= Rats of Nam Yum =

The Rats of Nam Yum were internal deserters from the French forces at the Battle of Dien Bien Phu during the First Indochina War.

The "Rats" consisted of French, Foreign Legion, African, Vietnamese, and Thai tribal troops who were unable or unwilling to defect to the Viet Minh opposing the French, but reluctant to continue to fight as part of the French forces. Reportedly the majority were locally recruited Indochinese, plus Algerian and Moroccan tirailleurs.
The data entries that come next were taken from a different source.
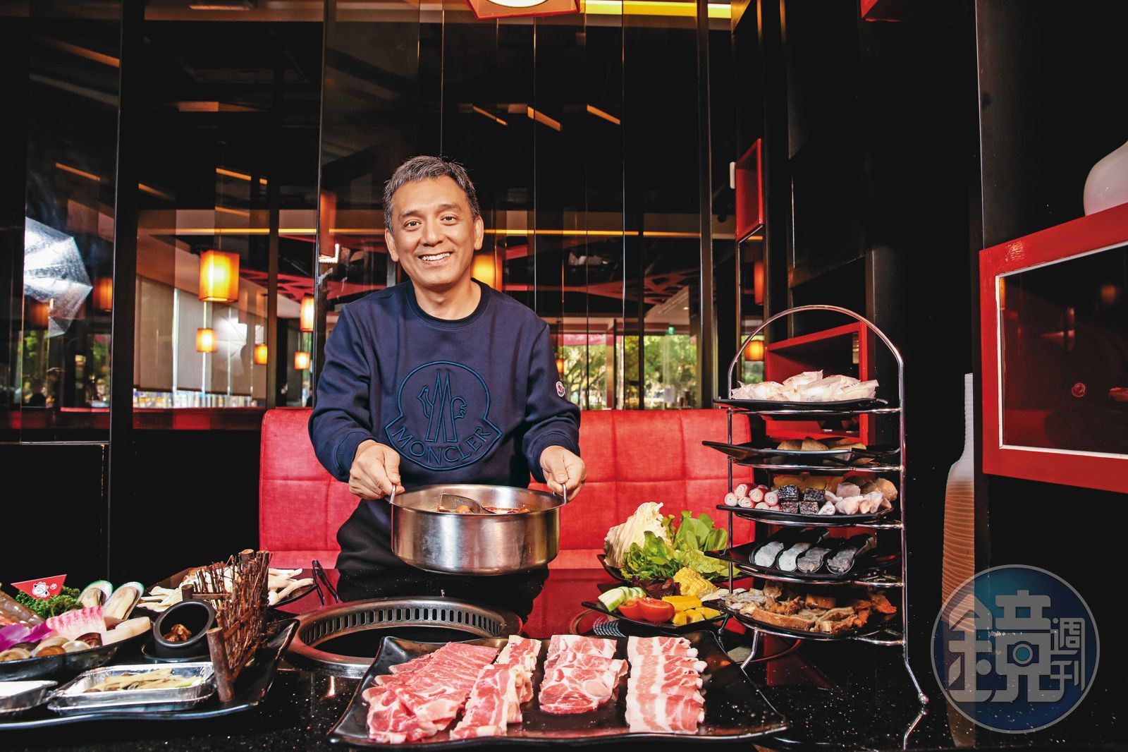 把一大片油花分布均勻的梅花豬肉,擺進沸騰而散發醇厚香氣的蒙古鍋內,接著再把肥美牛五花放上鋪著烤盤紙的電烤爐,小蒙牛餐飲集團總經理高溢男熟練地幫肉片翻身,「吃吃看我們的肉,保證好吃。」他用沙啞的聲音頻掛保證,「牛肉有Prime等級霜降、和牛,豬都用台灣溫體豬,牠們從小就被閹掉,比較沒有騷味。」送入口,豬肉鮮甜不腥、牛肉軟嫩多汁,瞥見顧客滿足神情,他得意形於色,接著又端出天使紅蝦、草蝦、干貝等各種海鮮。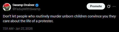 Dude, the Left doesn’t care about anyone’s life that doesn’t toe their deranged ideology and kneel down to their absolute power. Too many on the “non-Left” don’t realize what kind of fight they are in. They don’t realize the problem isn’t “not enough compassion” for the Left, it’s too much compassion for them and not enough expectation of responsibility. The Leftists are interfering with the lawful apprehension of lawbreakers. They are interfering with the will of the people to do what the people elected the President to do. They are undermining our Republic. Worse, their leaders are encouraging this behavior - taking advantage of a base that is demonstrably mentally ill to keep power.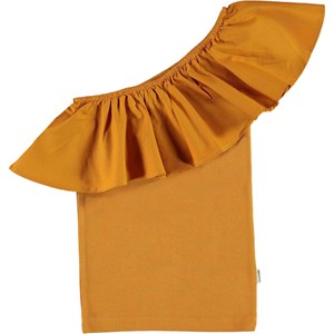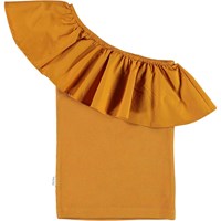 Rebecca is a brown asymmetrical top with a slanted ruffle edge.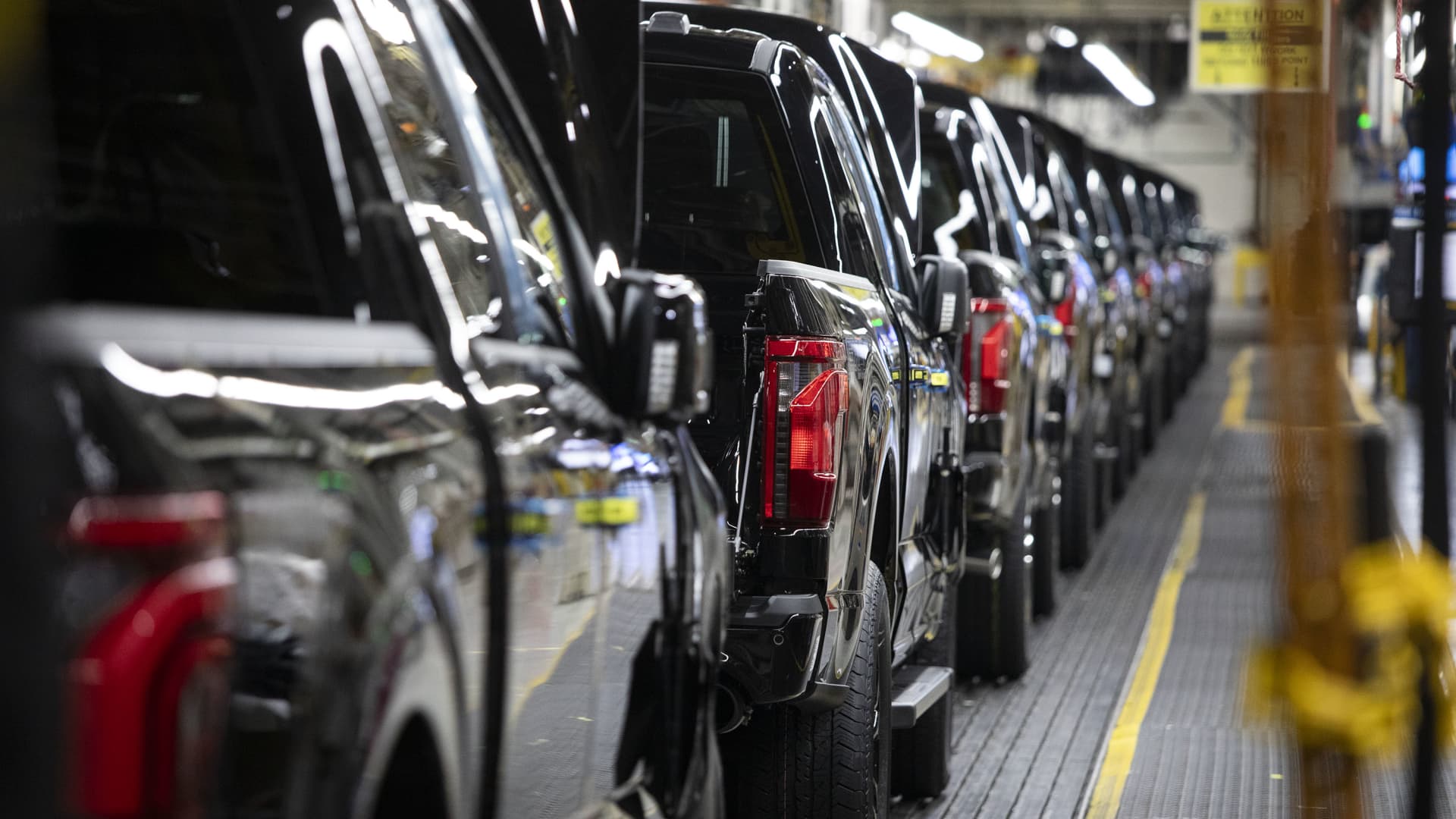 Uusi Ford F-150 -kuorma-auto vierii Ford Dearbornin tehtaan kokoonpanolinjan läpi 11. huhtikuuta 2024 Dearbornissa, Michiganissa.

Estimated to have numbered about one thousand, the Rats sequestered themselves in a portion of the fortress of Dien Bien Phu on the cliffs overlooking the Nam Yum river to wait out the battle. They subsisted on rations and equipment stolen from the French forces or from airdropped supplies they were able to intercept. Lacking shelters or building supplies, they took to digging dugouts for shelter.
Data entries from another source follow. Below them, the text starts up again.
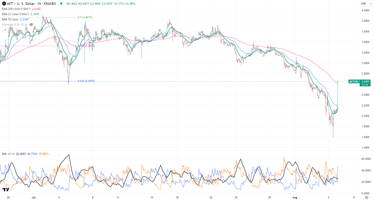 AKTUSD gained more than 65% today after a massive sell-off. The pair holds above the short-term (21 and 55 EMA) and below the long-term moving average in the hourly chart. It hit a high of $2.65 and is currently trading around $2.6648.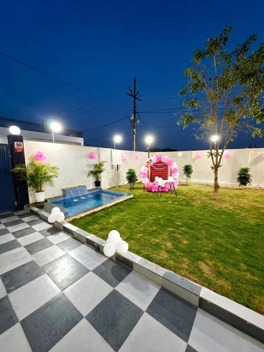 Organiza celebraciones inolvidables en Arth Villa Elegante villa privada en Noida con total privacidad Ideal para parejas, familias y grupos pequeños Acogedores espacios interiores con una agradable zona exterior Ambiente tranquilo y apacible lejos de las multitudes Hoguera disponible bajo petición para las noches de invierno. El servicio de hoguera se cobra adicionalmente con confirmación previa. Perfecto para estancias relajadas y celebraciones íntimas Se permite música a un volumen razonable según las directrices locales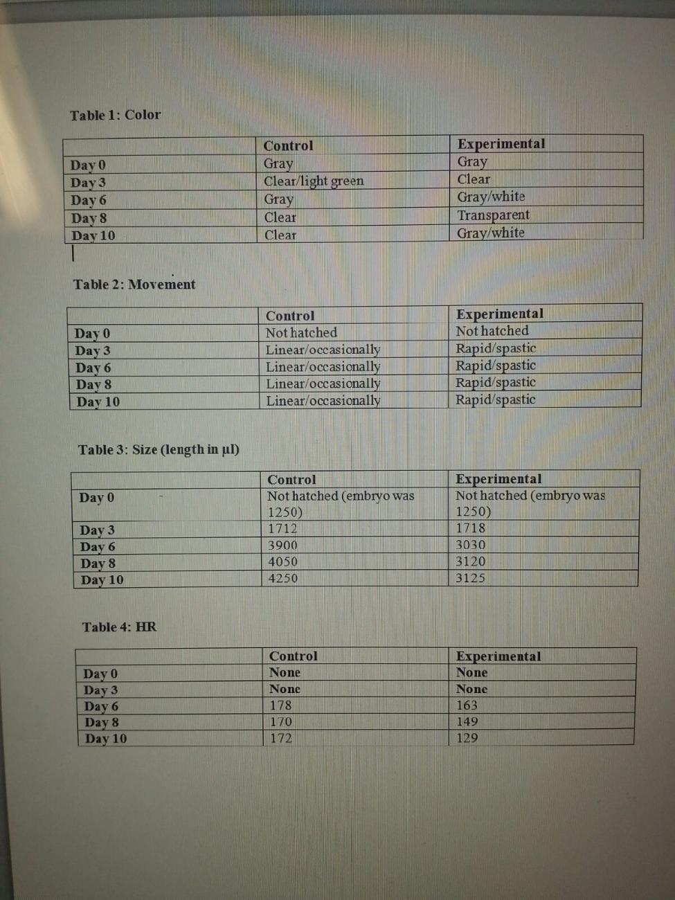 Table 1: The color of the fish in the control turned green, while the fish exposed to alcohol only turned clear and white. Table 2: The control group fish moved fast, but in a linear direction, while the fish exposed to alcohol moved quick and spastically. Table 3: The control group fish grew larger in length than the experimental group which only grew to about 1/3 the size. Table 4: The heart rate of the control group stayed normal throughout the entire experiment, while the experimental group's started and stayed at a lower rate.

A 2018 history of the Battle of Dien Bien Phu draws on reports from the commander of the fortress gendarmerie detachment to suggest that the numbers of the "Rats of Nam Yum" were exaggerated in earlier accounts; and that many were not deserters but had remained with disbanded or disorganised sub-units pulled back from the firing line and dispersed along the river bank. While not participating in actual combat during the final stages of the siege, some of these troops performed the role of support personnel; collecting and bringing in parachuted supplies to the main garrison.

==Sources==
- Fall, Bernard B. . Hell in a Very Small Place. Da Capo Press, 1985. ISBN 978-0-306-80231-7.